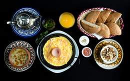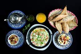Deux œufs au jambon de dinde et fromage, purée de tomates à l'espagnole, bissara, corbeille de pain, jben au thym, boisson chaude, raib aux fruits secs, jus d'orange pressé
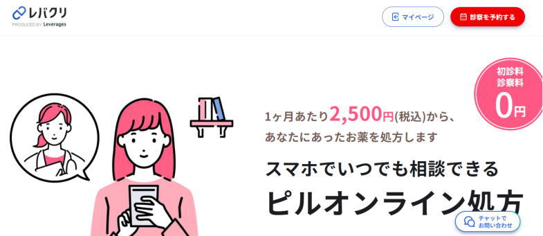 「レバクリ」は、予約から診察、お薬の処方までをスマートフォン一つで完結できるオンライン診療プラットフォームです。IT大手のレバレジーズ株式会社が運営し、提携医療機関の医師が診察を行います。
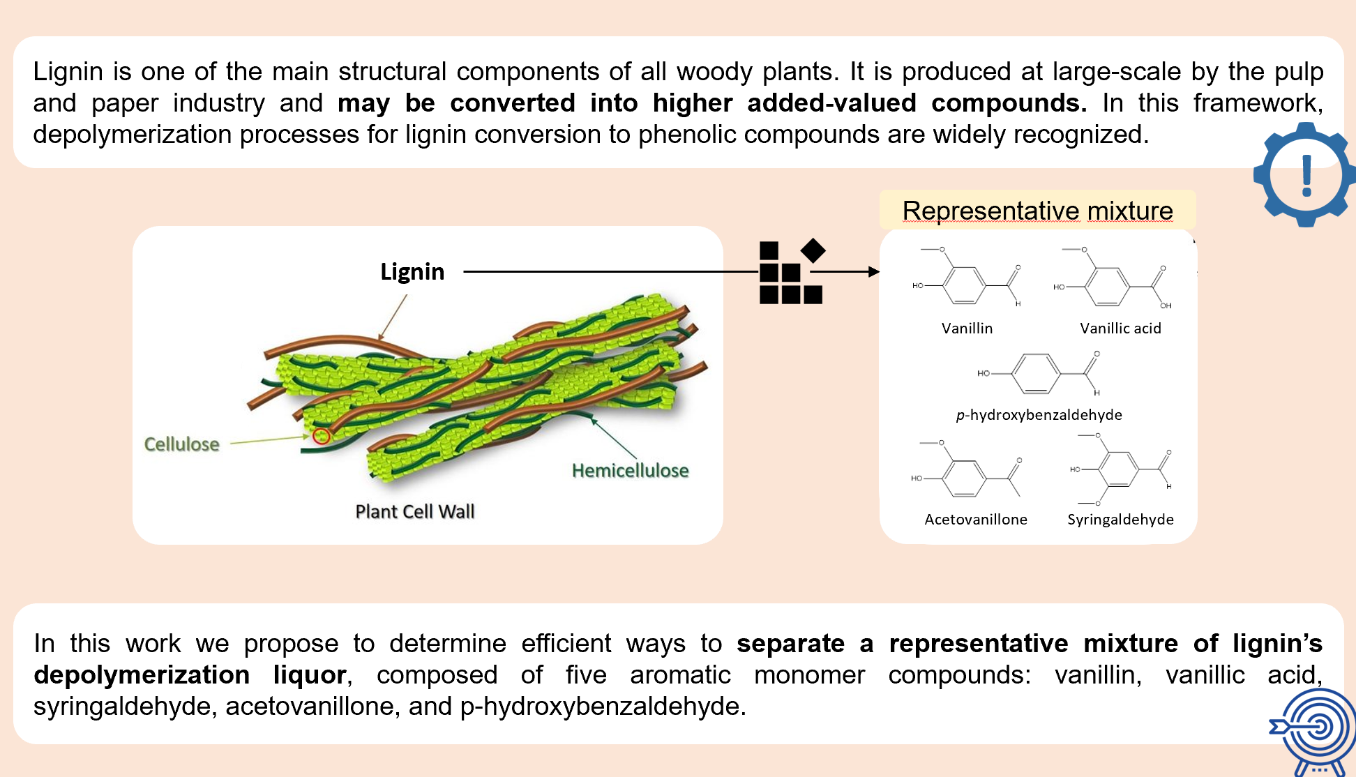 Twitter PosterLignin, one of the main structural components of all woody plants, is available at large-scale from the pulping liquor produced by the pulp and paper industry. Nowadays, pulp and paper mills largely burn this liquor in an integrated process to produce electric and thermal energy. Although this combustion is still a valuable contribution to reduce fossil fuels consumption, lignin offers perspectives for higher added-valued applications and could be converted into several profitable commodities, a key factor for creating economically feasible biorefinery processes. This is an opportunity to transform conventional pulp and paper mills into integrated forest biorefineries capable of producing new biochemicals and biomaterials. In this framework, depolymerization processes for lignin conversion to phenolic compounds are widely recognized. However, their high price, resulting from significant shortcomings of the lignocellulosic biorefinery processing, creates a significant drawback while simultaneously highlighting the need for more effective purification methods and downstream processes. Vanillic acid, known for its antimicrobial, antioxidant and antibacterial properties, is particularly valuable. As such, in this work we set out to determine efficient ways to separate and purify vanillic acid from a mixture of five model phenolic compounds frequently derived from lignocellulosic depolymerization, namely vanillin, vanillic acid, syringaldehyde, acetovanillone and p-hydroxybenzaldehyde. For such, aqueous biphasic systems (ABS) formed by polyethylene glycol, sodium polyacrylate, and inorganic salts or ionic liquids as electrolytes were applied, followed by the use of centrifugal partition chromatography (CPC) to reinforce the fractionation process scale-up. In single-step experiments, for the chosen optimal operational conditions, we were able to separate and purify our target molecule from the remaining phenolic mixture with a purity of up to 95%.
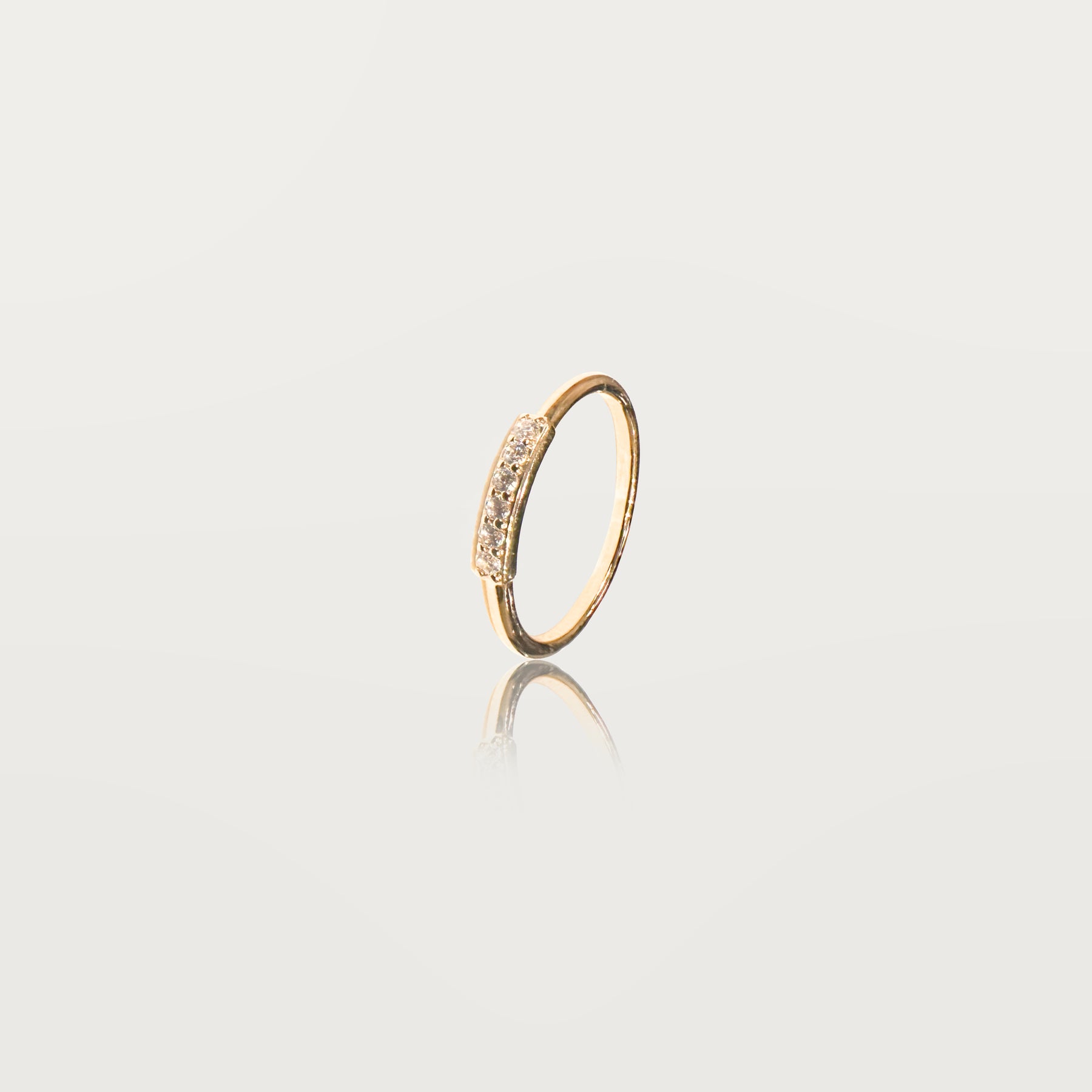 Cette bague séduit par sa simplicité élégante et son éclat raffiné. Son anneau fin, sublimé par un pavage délicat de zircons, capte la lumière avec subtilité et apporte une touche de sophistication à vos gestes du quotidien.

----

### Activity
Restate every line above exactly, omitting images.

### Response to the exercise
Deux œufs au jambon de dinde et fromage, purée de tomates à l'espagnole, bissara, corbeille de pain, jben au thym, boisson chaude, raib aux fruits secs, jus d'orange pressé
 「レバクリ」は、予約から診察、お薬の処方までをスマートフォン一つで完結できるオンライン診療プラットフォームです。IT大手のレバレジーズ株式会社が運営し、提携医療機関の医師が診察を行います。
 Twitter PosterLignin, one of the main structural components of all woody plants, is available at large-scale from the pulping liquor produced by the pulp and paper industry. Nowadays, pulp and paper mills largely burn this liquor in an integrated process to produce electric and thermal energy. Although this combustion is still a valuable contribution to reduce fossil fuels consumption, lignin offers perspectives for higher added-valued applications and could be converted into several profitable commodities, a key factor for creating economically feasible biorefinery processes. This is an opportunity to transform conventional pulp and paper mills into integrated forest biorefineries capable of producing new biochemicals and biomaterials. In this framework, depolymerization processes for lignin conversion to phenolic compounds are widely recognized. However, their high price, resulting from significant shortcomings of the lignocellulosic biorefinery processing, creates a significant drawback while simultaneously highlighting the need for more effective purification methods and downstream processes. Vanillic acid, known for its antimicrobial, antioxidant and antibacterial properties, is particularly valuable. As such, in this work we set out to determine efficient ways to separate and purify vanillic acid from a mixture of five model phenolic compounds frequently derived from lignocellulosic depolymerization, namely vanillin, vanillic acid, syringaldehyde, acetovanillone and p-hydroxybenzaldehyde. For such, aqueous biphasic systems (ABS) formed by polyethylene glycol, sodium polyacrylate, and inorganic salts or ionic liquids as electrolytes were applied, followed by the use of centrifugal partition chromatography (CPC) to reinforce the fractionation process scale-up. In single-step experiments, for the chosen optimal operational conditions, we were able to separate and purify our target molecule from the remaining phenolic mixture with a purity of up to 95%.
 Cette bague séduit par sa simplicité élégante et son éclat raffiné. Son anneau fin, sublimé par un pavage délicat de zircons, capte la lumière avec subtilité et apporte une touche de sophistication à vos gestes du quotidien.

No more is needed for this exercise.